____ Entries provided

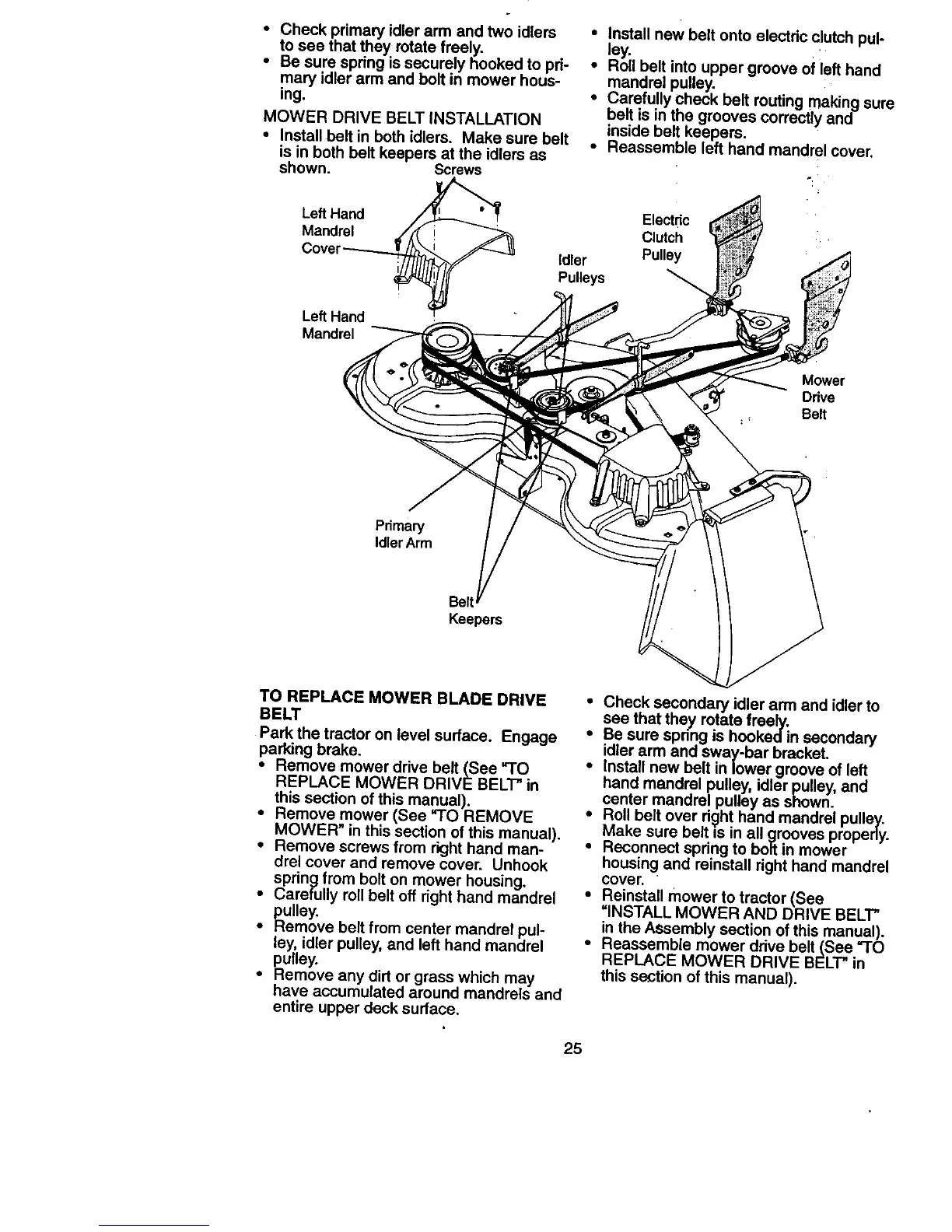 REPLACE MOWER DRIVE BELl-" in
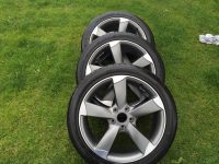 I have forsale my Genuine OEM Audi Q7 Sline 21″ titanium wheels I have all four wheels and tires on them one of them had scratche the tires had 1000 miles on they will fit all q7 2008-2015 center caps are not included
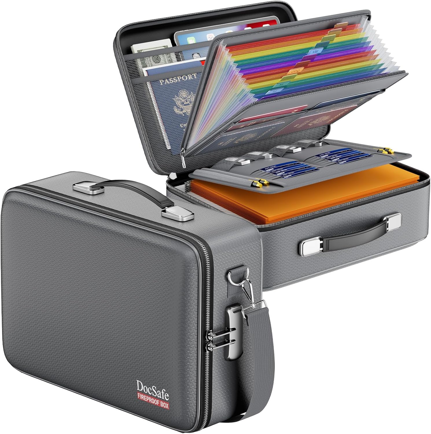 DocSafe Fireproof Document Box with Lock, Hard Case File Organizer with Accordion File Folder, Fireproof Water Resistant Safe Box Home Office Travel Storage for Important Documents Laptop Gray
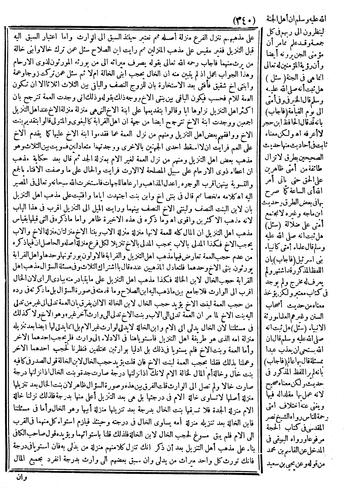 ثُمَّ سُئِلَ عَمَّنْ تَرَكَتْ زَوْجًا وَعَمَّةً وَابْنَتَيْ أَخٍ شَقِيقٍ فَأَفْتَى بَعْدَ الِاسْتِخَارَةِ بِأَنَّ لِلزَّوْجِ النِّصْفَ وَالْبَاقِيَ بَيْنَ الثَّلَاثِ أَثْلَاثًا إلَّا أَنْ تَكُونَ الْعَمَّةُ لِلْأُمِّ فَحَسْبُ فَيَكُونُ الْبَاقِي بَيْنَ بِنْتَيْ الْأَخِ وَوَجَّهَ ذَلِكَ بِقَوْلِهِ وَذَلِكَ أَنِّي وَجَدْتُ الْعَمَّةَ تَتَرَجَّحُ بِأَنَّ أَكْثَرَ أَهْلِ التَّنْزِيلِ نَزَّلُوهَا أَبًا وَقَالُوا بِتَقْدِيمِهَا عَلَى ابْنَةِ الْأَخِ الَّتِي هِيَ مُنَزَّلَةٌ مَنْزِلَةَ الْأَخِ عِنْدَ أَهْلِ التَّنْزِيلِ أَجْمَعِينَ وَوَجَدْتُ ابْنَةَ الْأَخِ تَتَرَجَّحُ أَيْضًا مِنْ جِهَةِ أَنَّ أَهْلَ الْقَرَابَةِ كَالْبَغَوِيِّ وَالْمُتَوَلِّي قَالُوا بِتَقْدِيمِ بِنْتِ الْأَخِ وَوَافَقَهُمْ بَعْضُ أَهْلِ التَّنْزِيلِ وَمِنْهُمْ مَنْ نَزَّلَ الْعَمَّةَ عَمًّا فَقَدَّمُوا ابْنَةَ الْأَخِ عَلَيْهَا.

________
____ Entries provided

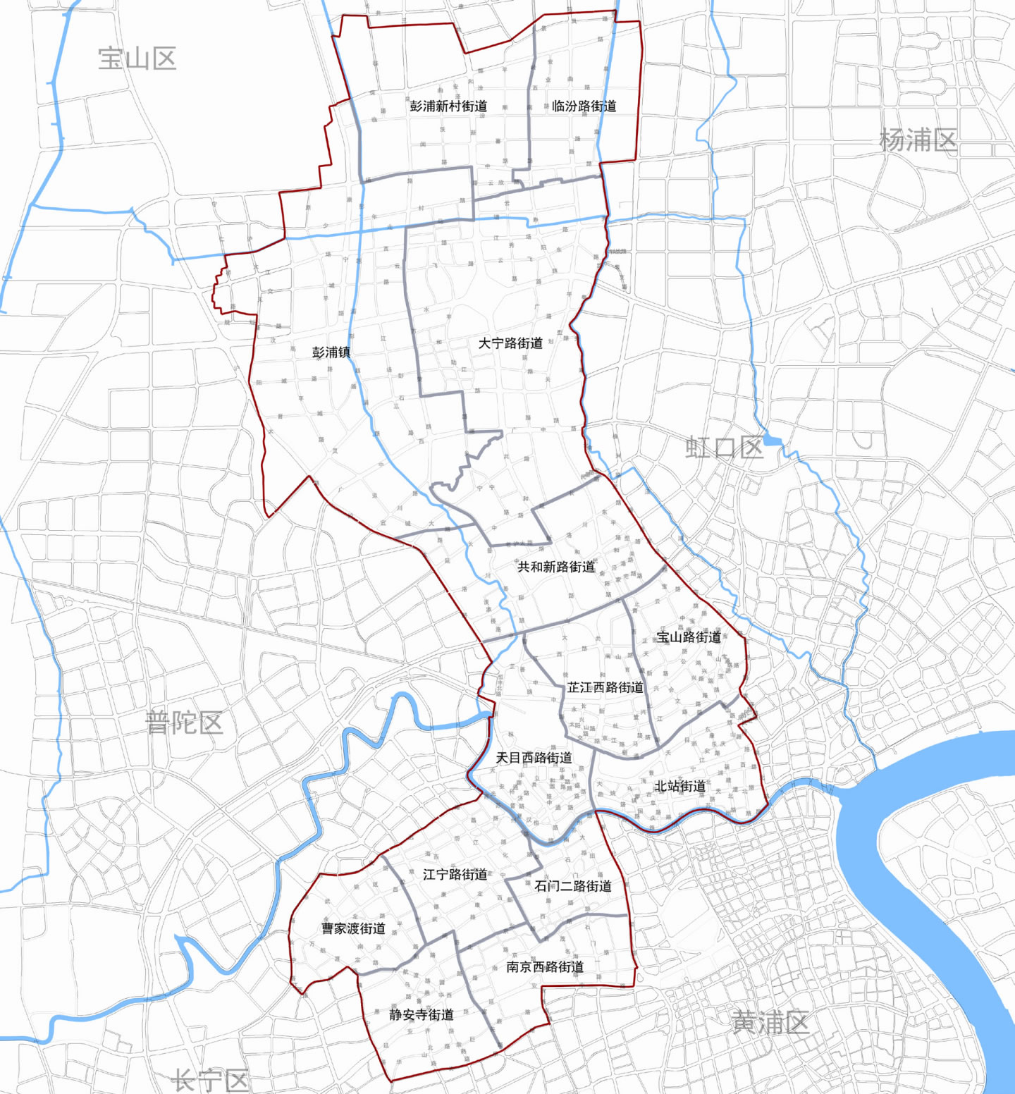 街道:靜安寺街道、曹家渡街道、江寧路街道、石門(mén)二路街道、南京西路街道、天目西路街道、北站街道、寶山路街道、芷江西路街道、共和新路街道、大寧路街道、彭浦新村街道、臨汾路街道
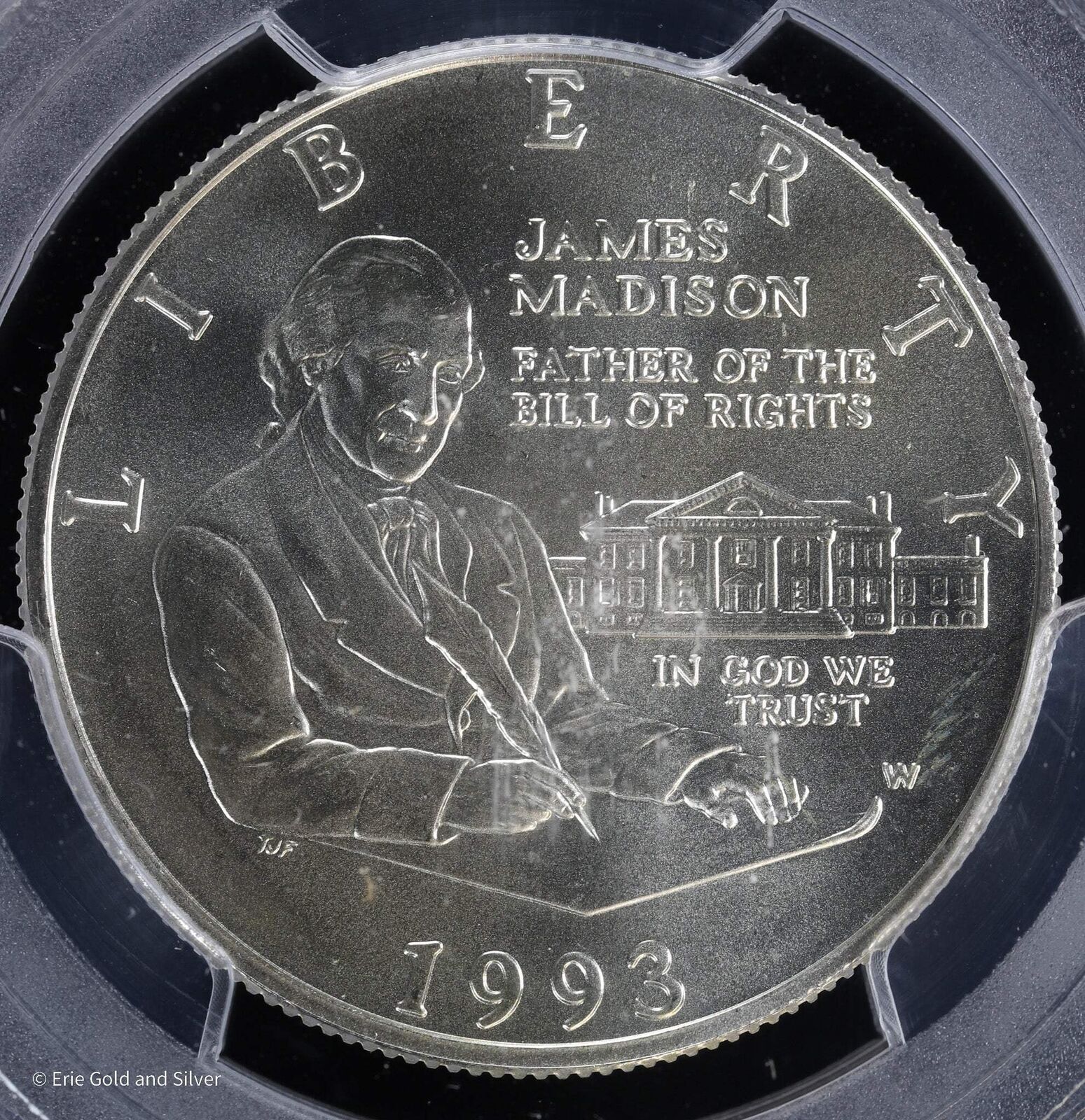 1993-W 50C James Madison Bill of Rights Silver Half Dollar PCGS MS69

________

## Work instruction:
Although pictures appear among the entries, please set down only the lines from the one with "REPLACE MOWER DRIVE" up to and including the one with "DocSafe Fireproof Document", word for word.

## Written reply:
 REPLACE MOWER DRIVE BELl-" in
 I have forsale my Genuine OEM Audi Q7 Sline 21″ titanium wheels I have all four wheels and tires on them one of them had scratche the tires had 1000 miles on they will fit all q7 2008-2015 center caps are not included
 DocSafe Fireproof Document Box with Lock, Hard Case File Organizer with Accordion File Folder, Fireproof Water Resistant Safe Box Home Office Travel Storage for Important Documents Laptop Gray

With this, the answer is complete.